PSBank registers PhP 2.16 billion net income in first half of 2025

Philippine Savings Bank (PSBank), the thrift banking arm of the Metrobank Group, today announced a net income of PhP 2.16 billion for the first half of 2025, fueled by the robust performance of its core businesses and effective cost management.

The Bank’s loan book expanded by 16% year-on-year to PhP 153 billion as of June 2025, propelled by stable demand from both consumer and SME lending segments. This growth in lending contributed to a 7% year-on-year increase in core revenues, which include net interest income and service fees, and commissions, to PhP 7.47 billion. At the same time, operating expenses were reduced by 2% to PhP 4.54 billion, resulting in a 6% growth in pre-provision operating profit to PhP 3.35 billion.

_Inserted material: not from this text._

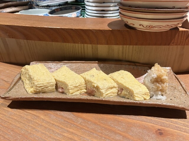 またお酒のつまみで明太子入り玉子焼きをお願いしました。トロトロで口の中でトロっととけて明太子のアクセントが美味しかったです。

PSBank maintained strong asset quality, keeping its gross non-performing loan (NPL) ratio at a low 3.1%, which is better than the 3.4% Philippine banking industry average as of May 2025. The Bank also upheld its solid capitalization, with total capital reaching PhP 46 billion. Its Capital Adequacy Ratio (CAR) of 24.6% and Common Equity Tier 1 (CET1) Ratio of 23.5% are both well above the regulatory minimums and are among the highest in the industry.

“As we enter the second half of the year, we remain committed to meeting our customers’ evolving needs by delivering innovative financial solutions in an increasingly competitive market,” said PSBank President Jose Vicente Alde.

The bank’s strong performance was recently affirmed by the Philippine Rating Services Corporation (PhilRatings), which assigned PSBank its highest possible Issuer Credit Rating of PRS Aaa with a stable outlook. This rating reflects the bank’s strong market position, sound capitalization, asset quality, and robust support from its parent company.

In another recent milestone, PSBank successfully concluded a bond offering ahead of schedule, with the total orderbook exceeding the initial offer size by more than six times within one day. The proceeds will be used to support expansion initiatives and diversify funding sources.